The benchmark 10-year yield is expected to hover in a 7.03%-7.08% range, following its previous close of 7.0572%, a trader with a private bank said.
Indian government bond yields are likely to trend lower at the start of the week, tracking a decline in U.S. Treasury yields, as weak economic data aided bets on easing monetary policy. The benchmark 10-year yield is expected to hover in a 7.03%-7.08% range, following its previous close of 7.0572%, a trader with a private bank said.

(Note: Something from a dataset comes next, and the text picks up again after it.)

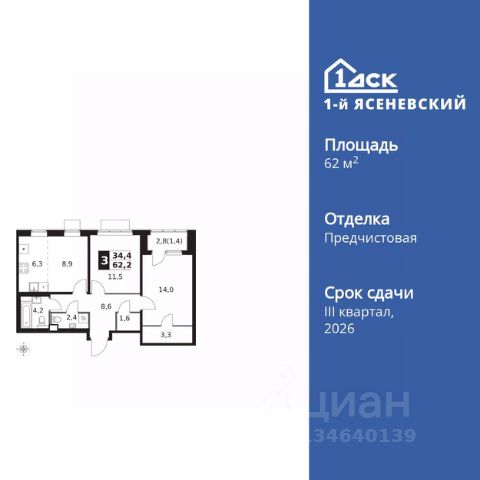 ДОПОЛНИТЕЛЬНАЯ СКИДКА ДО 10% В ОФИСЕ ПРОДАЖ! Прямая продажа от застройщика! Жилой Комплекс класса Комфорт Плюс. Продаётся 3-к квартира номер 672 общей площадью 62.2 кв.м. на 8-м этаже 18 этажного здания. Отделка Whitebox. Цена с учётом скидки. Особенности квартиры: - Квартиры рядом с метро - м. Корниловская 9 мин пешком - 63 га лесопарка за окнами - Школа c it-кластером и бассейном. 2 детских сада - Мастер-зона с гардеробной. Просторное место для отдыха и удобного хранения вещей. - Линейная планировка - максимальная функциональность и удобство. - Увеличенная ширина окна/окон - больше света и визуального простора. - Увеличенное количество окон - дополнительное освещение и свежий воздух. - Гостевой санузел - комфорт и удобство для ваших гостей. - Евроформат - просторное и удобное жилье с отличной планировкой. - Можно оборудовать 2 или более рабочих места - пространство для нескольких человек. - Возможность добавить спальное место - дополнительный комфорт для гостей. - Гардеробная - удобство для хранения и организации вещей. - Лоджия - уютное место для отдыха и тишины. Квартира с предчистовой отделкой (White box). Вам не придется заниматься черновыми и трудоёмкими работы, а чистовую отделку и дизайн - сделайте на свой вкус. Информация о комплексе: В жилом комплексе комфорт-плюс класса "1-го Ясеневского" доступны преимущества двух стилей жизни. Ведь в пешей доступности метро, школа с 25-метровым бассейном и IT-кластером и при этом целых 63 га благоустроенного Троицкого лесопарка под окнами, где так приятно дышать свежим воздухом и слушать пение птиц. Собственная закрытая территория "1-го Ясеневского" представляет собой уютный оазис. Здесь и зеленый освещенный бульвар для прогулок, система велодорожек, маленькая городская площадь, кафе, пекарни и кофе поинты. А еще дворы без машин и многоэтажная парковка. Изюминка территории - фруктовые деревья во дворах и городские сады. "1-й Ясеневский" - всего в 1 км от МКАД, на территории новой Москвы. Жилой комплекс, где есть все необходимое для современного человека. Транспортная доступность: До метро "Корниловская" - 12 минут пешком До метро "Тютчевская" - 25 минут пешком До метро "Теплый стан" - 10 минут на транспорте До метро "Ольховая" - 30 минут на общественном транспорте Личный автотранспорт: Выезд на Калужское шоссе - 500 м МКАД - 1 км Внутренняя инфраструктура: ЖК "1-й Ясеневский" можно назвать идеальным местом для жизни семьи с детьми. Здесь буквально за домом находится Троицкий лесопарк - излюбленное место прогулок молодых родителей. А во внутренних дворах под детские площадки выделены специальные зоны. Они оборудованы всем, что нужно для счастливого детства: современными и максимально безопасными качелями, песочницами и лазалками. Оборудование и игровые сценарии на детских площадках спроектированы вместе с командой детских психологов для правильного развития ребенка и для повышения их интереса. Также рядом с домом два детских садика, один из которых
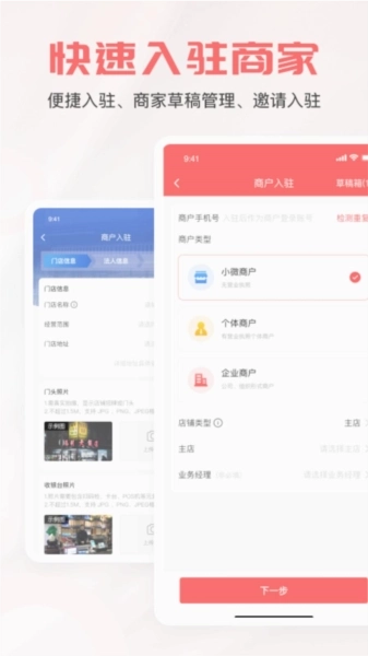 2,快速商家入驻:商家可便捷完成入驻操作,系统支持商家对入驻草稿进行管理,同时支持通过邀请方式助力商家入驻。

“We may see some bullish moves as the 10-year U.S. yield has ended below the critical level of 4.20% after some days, and if the trend persists, technically it opens the door for a move towards the 4% mark,” the trader said. U.S. yields eased on Friday, with the 10-year yield easing to levels last seen three weeks ago after U.S. manufacturing slumped further in February, marginally improving bets for May rate cuts by the Federal Reserve.
The odds for a rate cut in May improved to 28%, up from 24% last week, according to the CME FedWatch tool. Back home, traders continue to await fresh domestic cues at a time when central government bond supply has stopped, while states continue to undershoot their borrowing on a consistent basis.
Indian states aim to raise 279.81 billion rupees ($3.38 billion) through the sale of bonds, against the 381.66 billion rupees on the calendar. Meanwhile, India’s economy grew 8.4% in the October-December quarter, much faster than market estimates of 6.6% and also higher than the 7.6% growth in the previous three months, but did little to alter rate cut expectations.
However, the third-quarter GDP print may be overstating growth, economists said, pointing to a more modest increase in gross value added in the economy. In February, the central bank kept rates unchanged for a sixth consecutive time and reiterated its commitment to meet its 4% inflation target on a sustainable basis.